• **Task item**: All lines in the records below from the line with "Caminho: /Home/Eventos/Tipos de Evento/Novo" through the line with "町の東西を有田川が流れる「水" are to be given again exactly, both ends included; the pictures are to be left out.

• **Task inputs**:
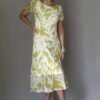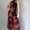 Vestido de tule estampado com gola levemente alta, manga cavada, ajustado até o quadril e saia godê com pontas. Com forro.
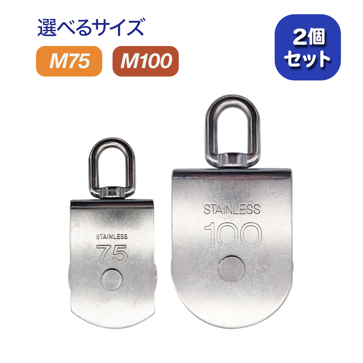 滑車 ローププーリー ステンレス M75 M100 2個セット 屋内 屋外 耐食性 防錆性 耐久性 耐久性 耐摩耗性 アウトドア キャンプ 登山 送料無料
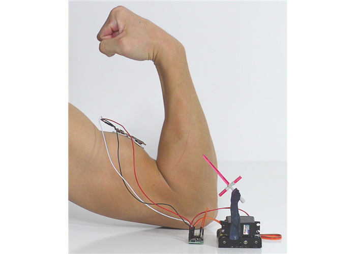 This muscle sensor from Advancer Technologies measures a muscle’s activity by monitoring the electric potential generated by muscle cells. This is referred to as electromyography (EMG). The sensor amplifies and processes the complex electrical activity of a muscle and converts it into a simple analogue signal that can easily be read by any microcontroller with an analogue-to-digital converter (ADC), such as an A-Star or Arduino – or even a Maestro servo controller like we show in this blog post. As the target muscle group flexes, the sensor’s output voltage increases. The exact relationship between the output voltage and the muscle activity can be fine-tuned using an on-board gain potentiometer.
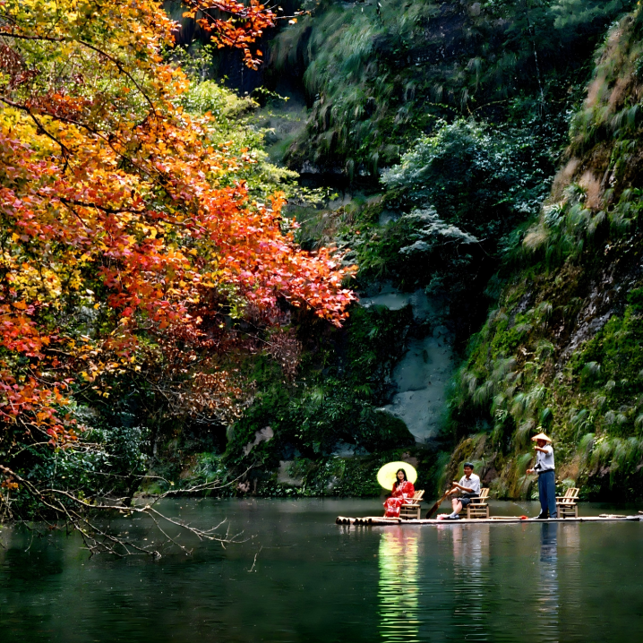 若想换种视角, 不妨乘上九龙潭的竹筏, 看奶白色的雾气与朱红色的崖壁相拥, 连冷风都变得温柔起来, 随手一拍都是水墨长卷般的大片。
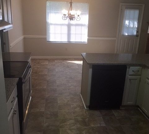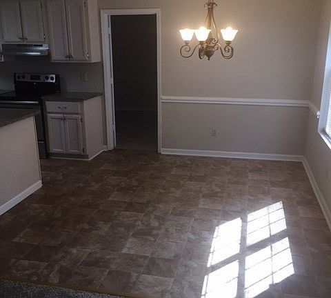 Great room with fireplace. Split bedroom floor plan. Slate tile flooring, vinyl and new carpet. Master bathroom has garden tub. Fans throughout. Covered front porch and a back patio. 620 or better on credit score. No evictions, foreclosures, or bankruptcies in the past 3 years. No vicious breed dogs. No dogs larger than 45lbs. A maximum number of 3 pets per home. No section 8 vouchers. $40 cash application fee. $300 non-refundable pet fee.
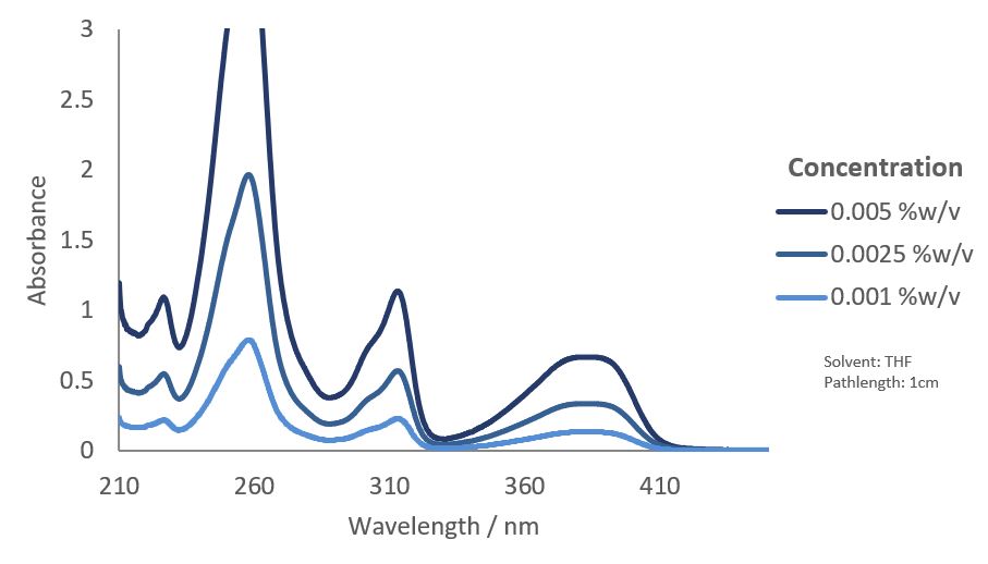 | Maxima Absorption Wavelength (nm) | 257, 312, 383 |
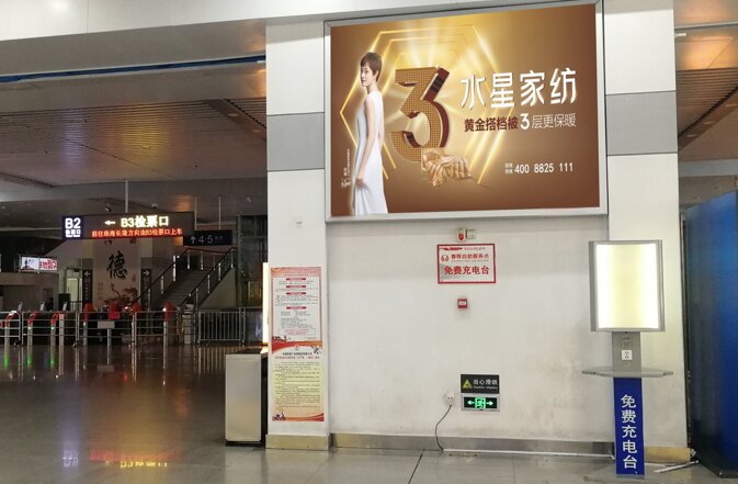 媒體位置/形式:候車大廳南/北面/VIP進(jìn)站口墻面燈箱 媒體數(shù)量:4塊 媒體尺寸:2.4m×8.9m=21.36㎡(2塊)、2.3m×10.8m=24.84㎡(2塊) 媒體報(bào)價(jià):10萬元/月/塊 |
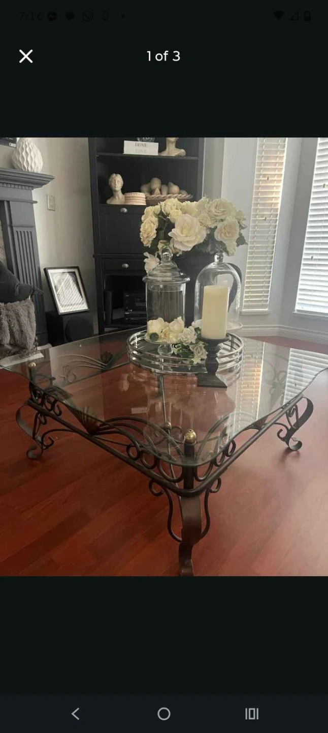 A beautiful accent table with a clear glass top and ornate metal scrollwork base. It's perfect for adding a decorative touch to any room. The table has a compact size suitable for placing next to a sofa or chair.
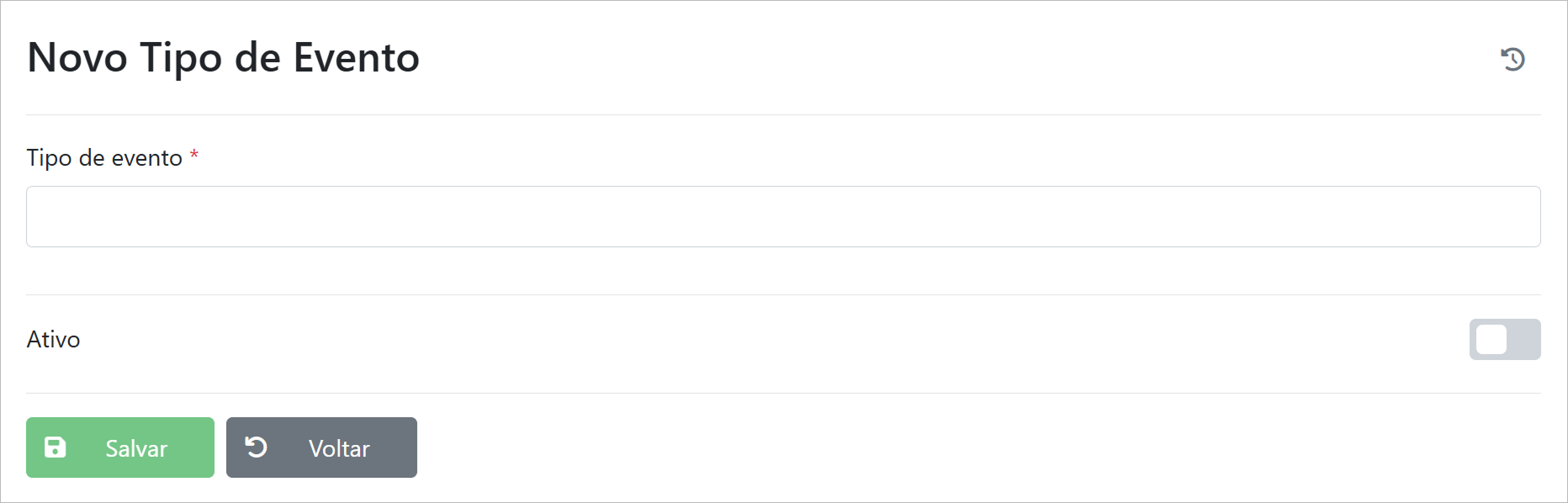 Caminho: /Home/Eventos/Tipos de Evento/Novo
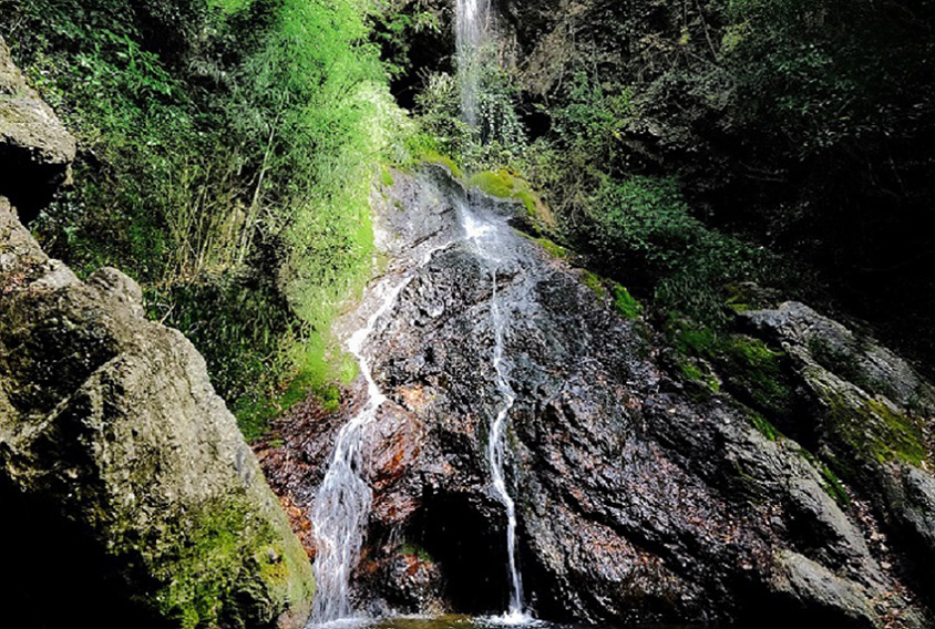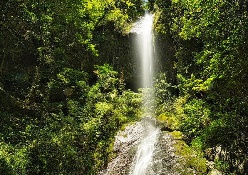 町の東西を有田川が流れる「水が豊かなまち」、有田川町。なかでも「次の滝」は、落差46mを誇る県内でも有名な滝だ。県下の名瀑、那智の滝に次ぐ落差があるという言い伝えからその名がついた。陽光を受けながら一気に滑り落ちる滝水は、爽快そのもの。展望台から遠くに流れる滝を眺めたり、滝つぼまで歩いて降りて行ったりと、樹木が茂る中、新緑と滝を楽しめる。
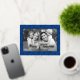 Moderno Navidades de fotografía elegante estrella dorada Relieve metalizado azul marino tarjeta de vacaciones. Consejos para la foto: tu foto se convertirá automáticamente a Blanco y Negro después de ser subida.
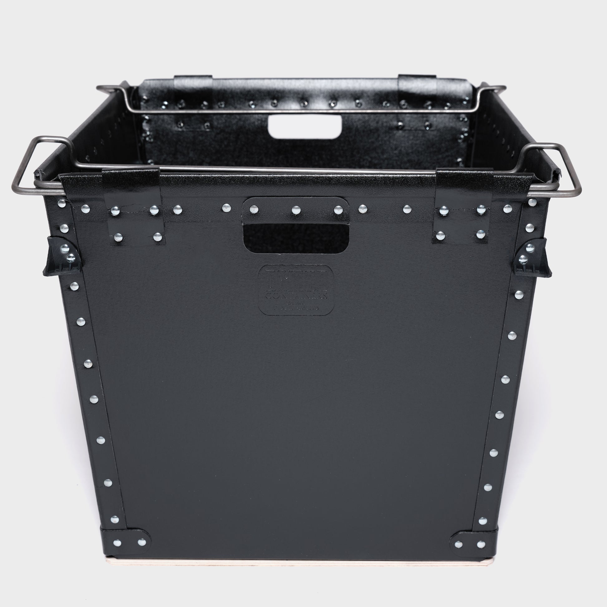 Every Damon Container is individually handmade to order. Cut fibreboard panels are bent and fixed around a rigid wire frame, with rivets applied using vintage machinery operated by humans and guided by eye. This process ensures each container has a unique, slightly irregular finish. Each container is completed with a sturdy plywood base for enhanced durability and features a tapered design for nested storage when not in use.

• **The answer**:
 Caminho: /Home/Eventos/Tipos de Evento/Novo
 町の東西を有田川が流れる「水が豊かなまち」、有田川町。なかでも「次の滝」は、落差46mを誇る県内でも有名な滝だ。県下の名瀑、那智の滝に次ぐ落差があるという言い伝えからその名がついた。陽光を受けながら一気に滑り落ちる滝水は、爽快そのもの。展望台から遠くに流れる滝を眺めたり、滝つぼまで歩いて降りて行ったりと、樹木が茂る中、新緑と滝を楽しめる。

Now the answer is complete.